- INFORMATION SHOWN -
····················
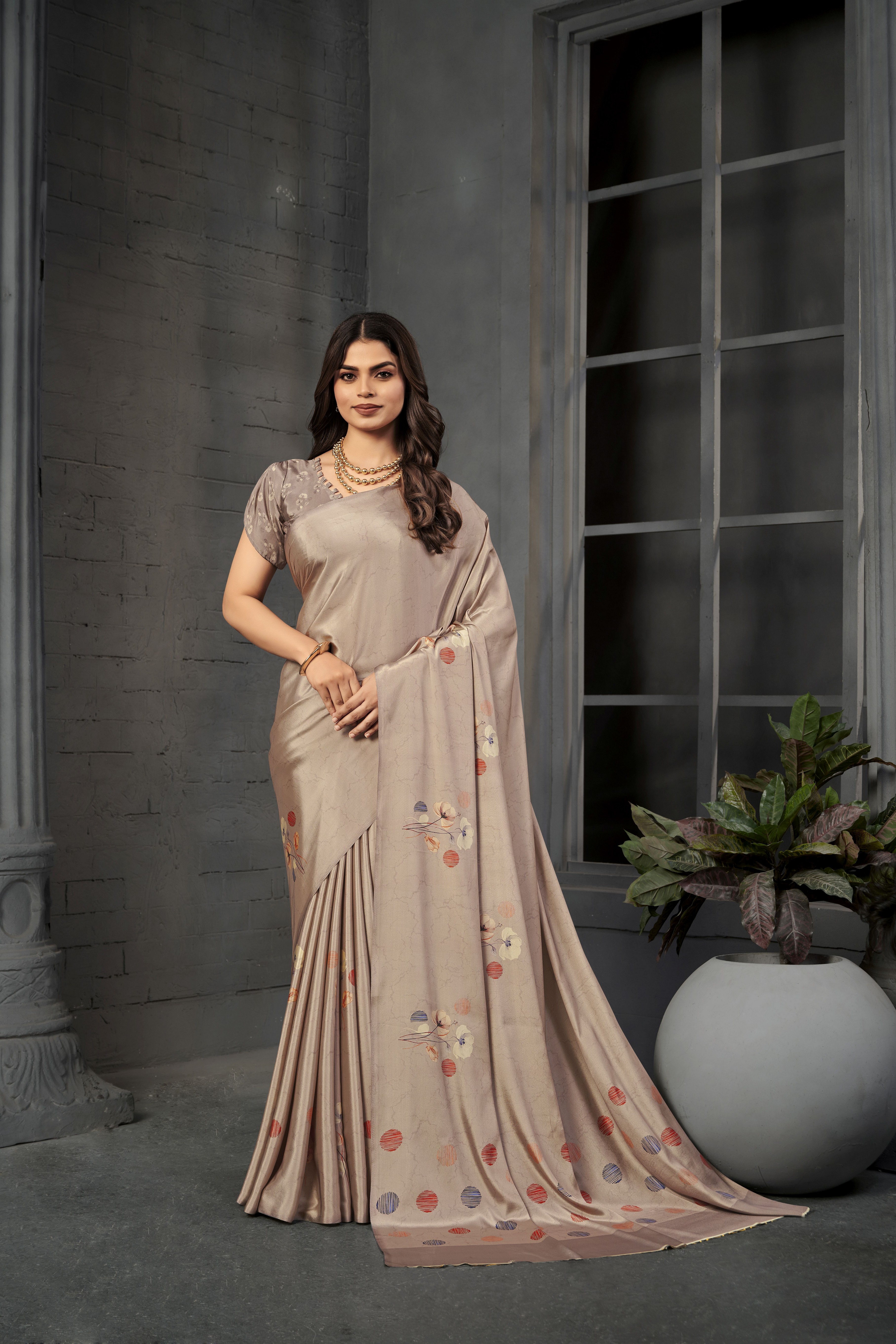 Grey Color Malai Crepe Silk Fabric Designer Digital Printed Beautiful Fancy Partywear Saree
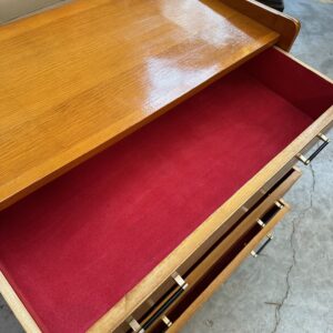 Elle dispose de 4 tiroirs parfaitement fonctionnels recouverts de leur feutrine rouge d’origine
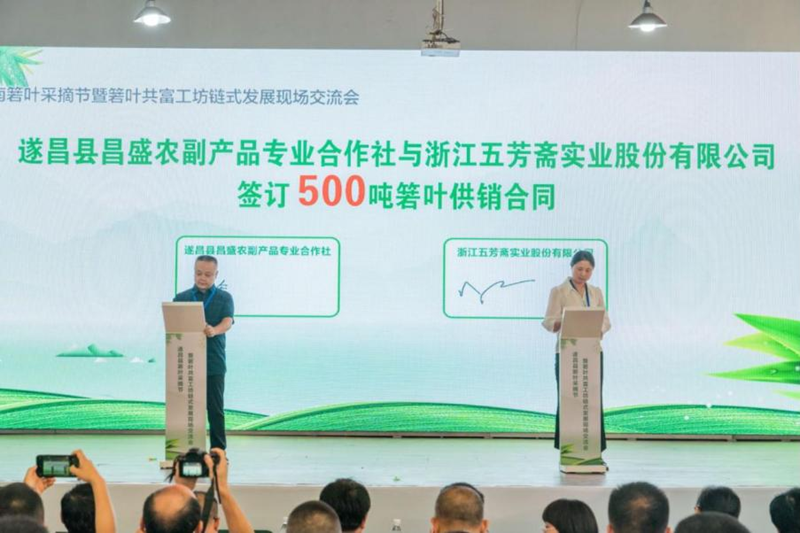当天的现场交流会上,丽水市箬叶产业党建联建正式启动,并签订丽水市箬叶产业联盟盟约,汇聚全市箬叶产业发展合力;遂昌县多个专业合作社分别与浙江五芳斋实业股份有限公司、嘉兴建箬园贸易有限公司签订500吨箬叶供销合同,垵口乡小岩村与嘉兴南湖斋食品有限公司签订党建联建协议;为助力箬叶产业发展,稠州银行向遂昌县箬叶产业协会授信8000万元。
····················
Starting with the line that contains "Elle dispose de", copy every line word for word through the end of the listing above, but leave out the pictures.

 Elle dispose de 4 tiroirs parfaitement fonctionnels recouverts de leur feutrine rouge d’origine
当天的现场交流会上,丽水市箬叶产业党建联建正式启动,并签订丽水市箬叶产业联盟盟约,汇聚全市箬叶产业发展合力;遂昌县多个专业合作社分别与浙江五芳斋实业股份有限公司、嘉兴建箬园贸易有限公司签订500吨箬叶供销合同,垵口乡小岩村与嘉兴南湖斋食品有限公司签订党建联建协议;为助力箬叶产业发展,稠州银行向遂昌县箬叶产业协会授信8000万元。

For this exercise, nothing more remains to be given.